Required action: When you reproduce these records, keep every word exactly and drop the images.

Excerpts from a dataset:
= Beginning of Section =

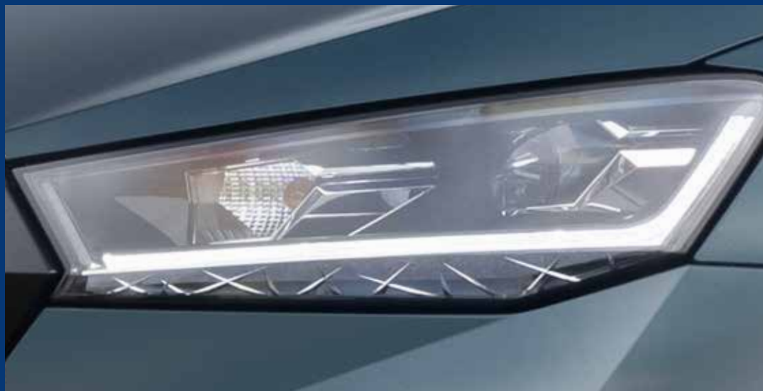
»» LED Headlamps with DRLs
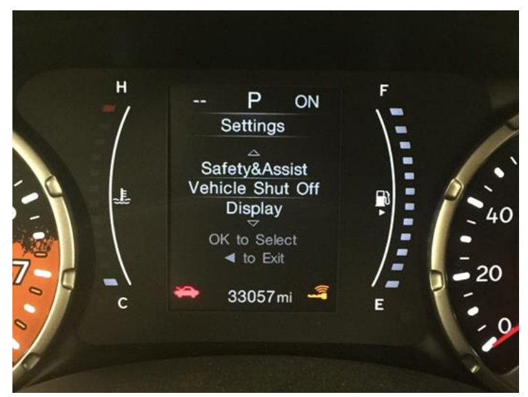
Step 2: Navigate and select "Saftey&Assist Vehicle Shut Off"
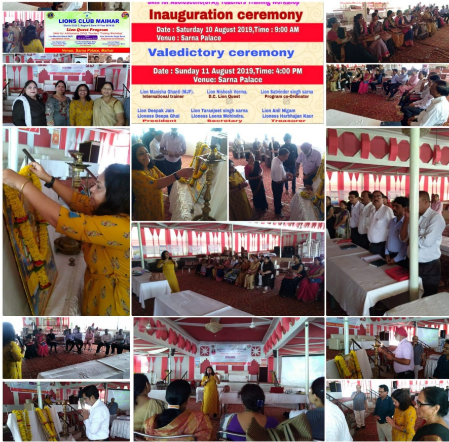
10th to 11th August 2019 - Workshop in Action
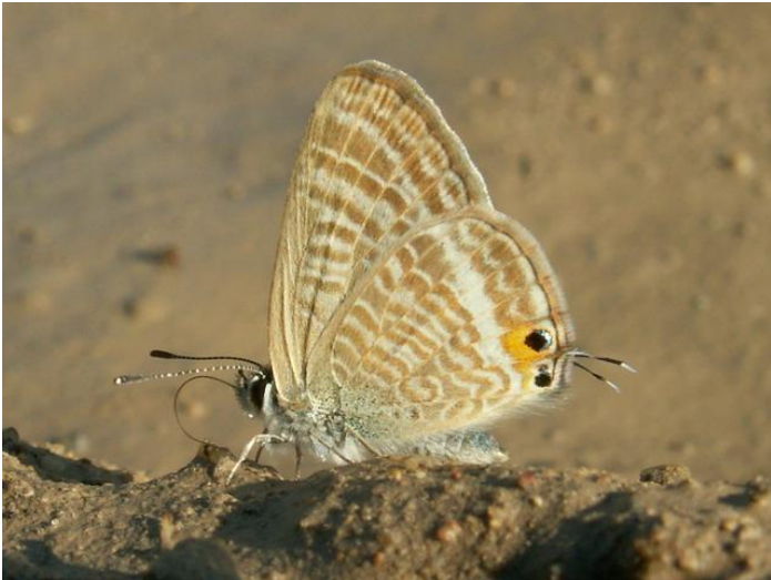
Pic.16. Long-tailed Blue ( Lampides boeticus )
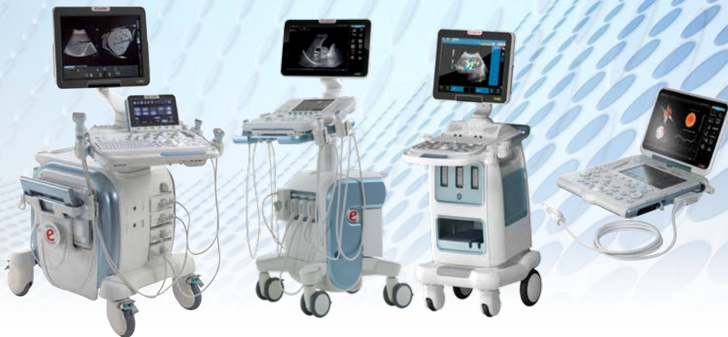
MyLab ™ Twice
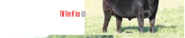
TW Fire N' Ice

= End of Section =

Reply:
»» LED Headlamps with DRLs
Step 2: Navigate and select "Saftey&Assist Vehicle Shut Off"
10th to 11th August 2019 - Workshop in Action
Pic.16. Long-tailed Blue ( Lampides boeticus )
MyLab ™ Twice
TW Fire N' Ice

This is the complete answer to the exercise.